About this task:
With the pictures left out, print exactly the lines below that run from the one containing "欧点电动剃须刀全身水洗男士刮胡刀 鬓角修剪器 刀头浮动刨须刀" through the one containing "推荐理由:激励学生参与直播课程的积极性,并在最终成绩有所体现。".

[Data — start]

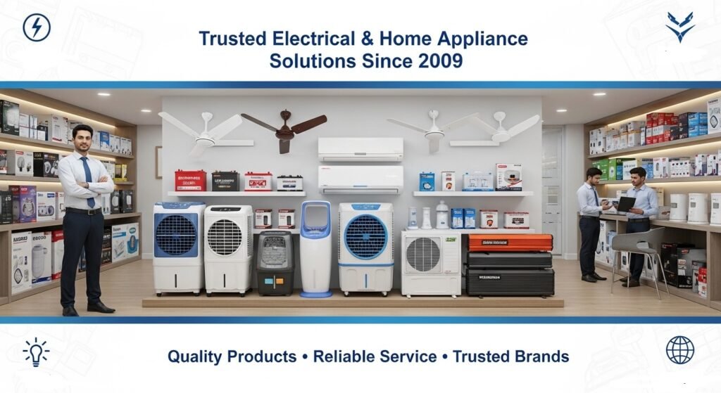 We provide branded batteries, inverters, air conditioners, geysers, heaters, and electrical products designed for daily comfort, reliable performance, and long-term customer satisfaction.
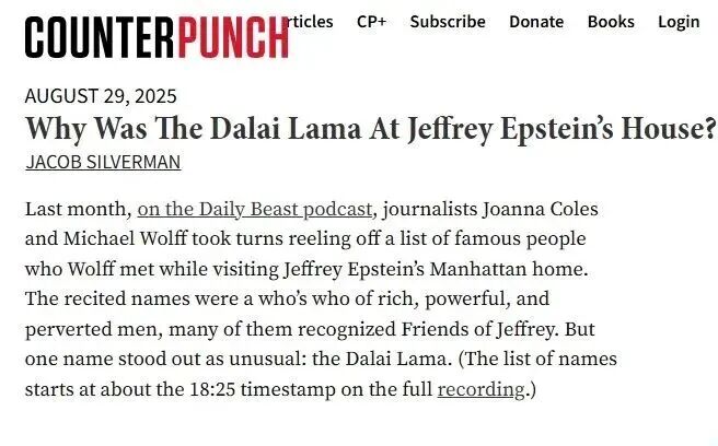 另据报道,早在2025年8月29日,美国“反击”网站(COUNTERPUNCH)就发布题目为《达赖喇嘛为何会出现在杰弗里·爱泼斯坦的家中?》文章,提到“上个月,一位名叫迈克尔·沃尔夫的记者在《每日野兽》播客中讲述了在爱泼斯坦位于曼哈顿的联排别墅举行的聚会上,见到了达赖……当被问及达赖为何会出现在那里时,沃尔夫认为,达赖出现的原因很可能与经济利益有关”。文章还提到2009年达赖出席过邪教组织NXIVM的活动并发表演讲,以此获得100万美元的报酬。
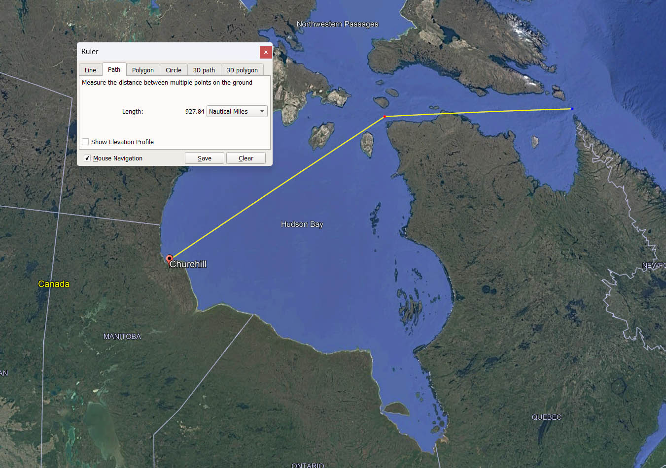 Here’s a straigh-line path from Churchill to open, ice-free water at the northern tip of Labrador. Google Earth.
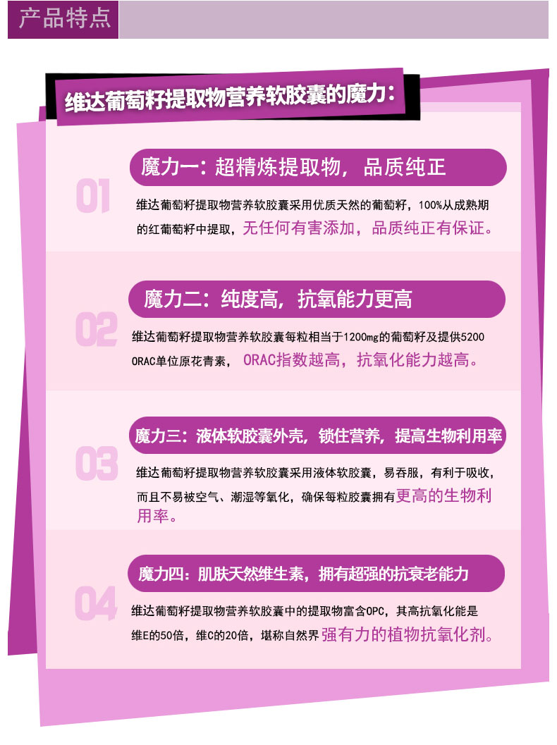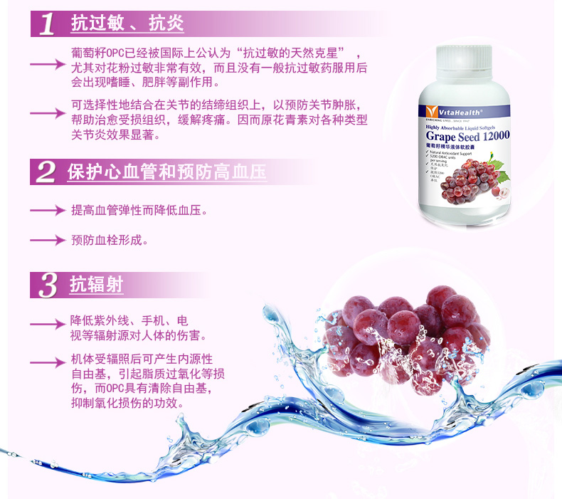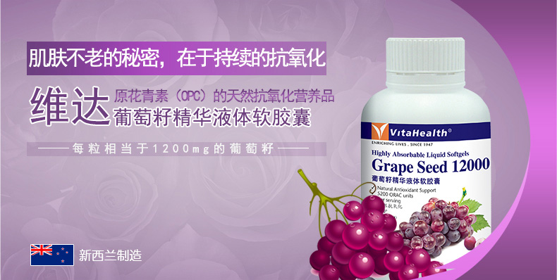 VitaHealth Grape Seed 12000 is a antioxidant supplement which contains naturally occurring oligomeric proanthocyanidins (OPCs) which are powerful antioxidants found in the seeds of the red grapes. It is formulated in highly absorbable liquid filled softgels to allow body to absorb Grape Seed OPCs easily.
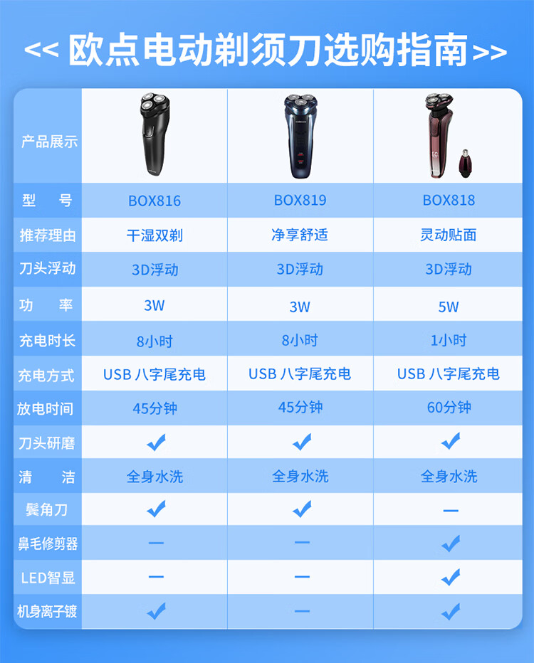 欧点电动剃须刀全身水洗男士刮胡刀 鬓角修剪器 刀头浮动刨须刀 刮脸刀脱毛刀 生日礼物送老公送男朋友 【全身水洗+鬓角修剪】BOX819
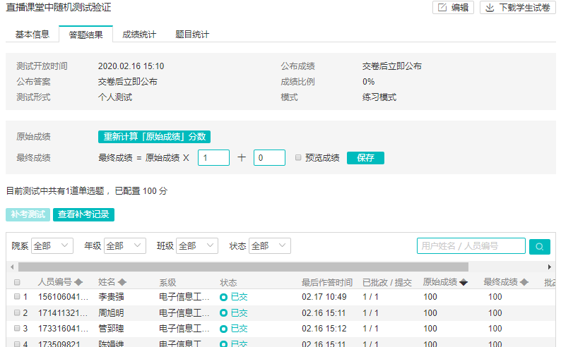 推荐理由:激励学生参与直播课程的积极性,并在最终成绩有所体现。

[Data — finish]
[Data — start]

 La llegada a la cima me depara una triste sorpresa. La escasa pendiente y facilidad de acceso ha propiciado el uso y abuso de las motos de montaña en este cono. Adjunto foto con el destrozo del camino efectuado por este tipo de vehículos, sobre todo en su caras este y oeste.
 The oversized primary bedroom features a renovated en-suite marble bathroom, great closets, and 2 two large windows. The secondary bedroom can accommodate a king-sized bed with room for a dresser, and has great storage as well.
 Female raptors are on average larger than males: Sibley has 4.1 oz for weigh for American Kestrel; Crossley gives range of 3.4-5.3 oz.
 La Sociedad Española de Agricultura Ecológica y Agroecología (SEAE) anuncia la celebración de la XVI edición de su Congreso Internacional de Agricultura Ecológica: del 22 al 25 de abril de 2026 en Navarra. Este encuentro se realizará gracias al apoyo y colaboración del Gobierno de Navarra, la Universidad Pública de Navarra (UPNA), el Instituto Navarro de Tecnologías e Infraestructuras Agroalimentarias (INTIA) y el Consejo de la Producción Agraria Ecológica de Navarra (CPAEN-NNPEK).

[Data — finish]

Finished exercise:
 欧点电动剃须刀全身水洗男士刮胡刀 鬓角修剪器 刀头浮动刨须刀 刮脸刀脱毛刀 生日礼物送老公送男朋友 【全身水洗+鬓角修剪】BOX819
 推荐理由:激励学生参与直播课程的积极性,并在最终成绩有所体现。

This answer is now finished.